2) You could also use DynamoDB streams and invoke the describeTable API, but then your function would be triggered upon every new event in your table. This is cost ineffective and, in my opinion, overkilling.
I need to do multiple queries on dynamodb from my dotnet lamba function (Like GetItem and Query using partition and sort keys). Which one is the best way?
Having subsequent queries in a single lambda.
Have to write separate Lambda for each query and call it from other lambda.
To use the step function.
It depend. It is fine to have multiple calls to dynamodb in a single lambda function as long it is doing only one thing. For example, if you have a lambda function serving a restful API resource update and you want to give an HTTP 404 - NotFound, it is fine to call GetItem first and an UpdateItem later on. Same applies you're doing a batch update and "Query using partition and sort keys".
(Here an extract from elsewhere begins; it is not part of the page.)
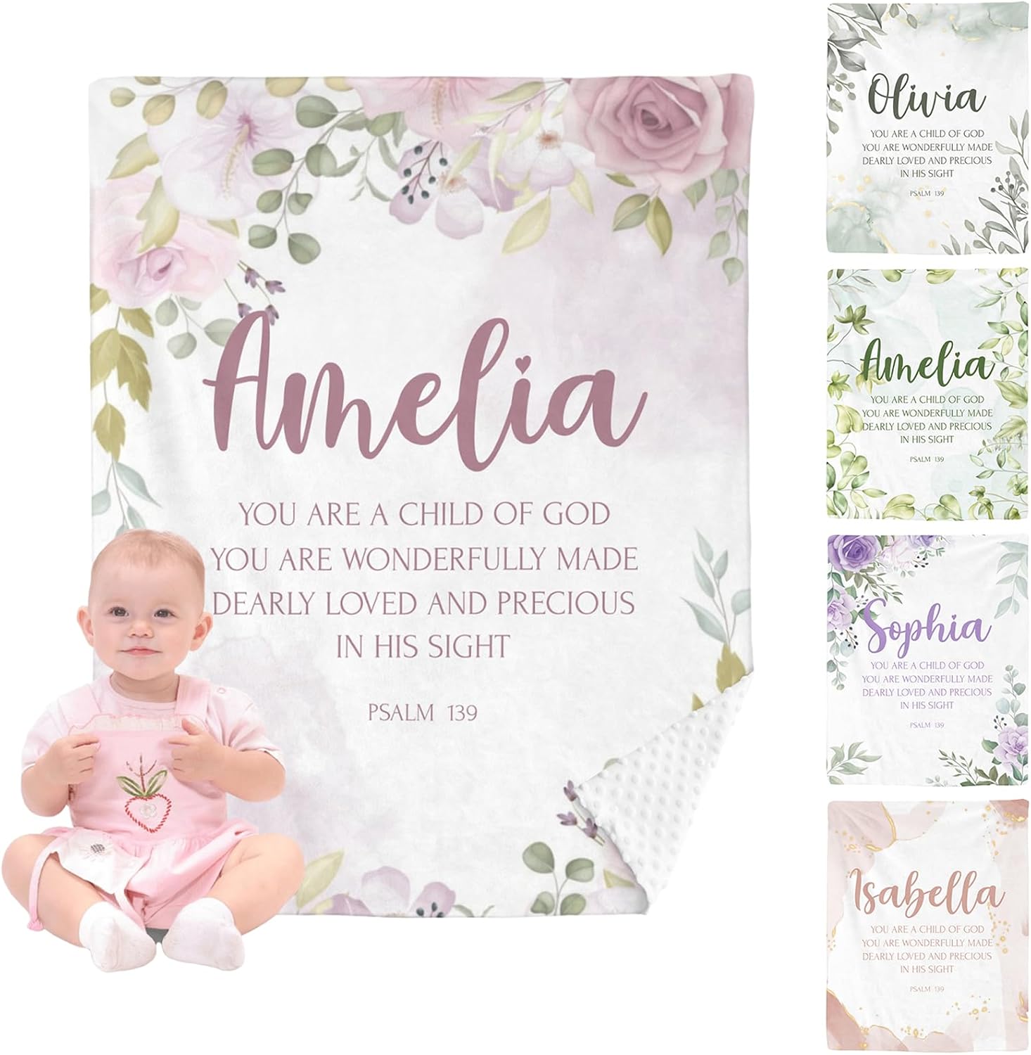Personalized Baby Blanket, Customized Christian Baby Shower Baptism Confirmation Gifts for Boys Girls, Soft Minky Blanket, Catholic Spiritual Themed, You are A Child of God, Floral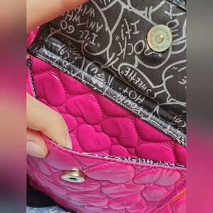 NWOT Betsey Johnson hot pink, red & black quilted hearts crossbody bag. See pictures for measurements. Strap is 49" to the longest (adjustable strap). Excellent condition. Small stains at the front and at the bottom; minor scratches on metal parts as seen on pictures. Front pocket is a bit wavy as seen on picture. Non smoking house.

Similarly to methods, usually when you have more than one level of abstraction your function is usually doing too much. Splitting up functions leads to reusability and easier testing. For example, if you want to update a resource and send an email (which require "Query using partition and sort keys"), you definitely don't want to do it in the same lambda function. In this case, using a step function may be a good idea and save you some time but, in the end, should not matter for the discussion if you should have multiple lambda functions or not.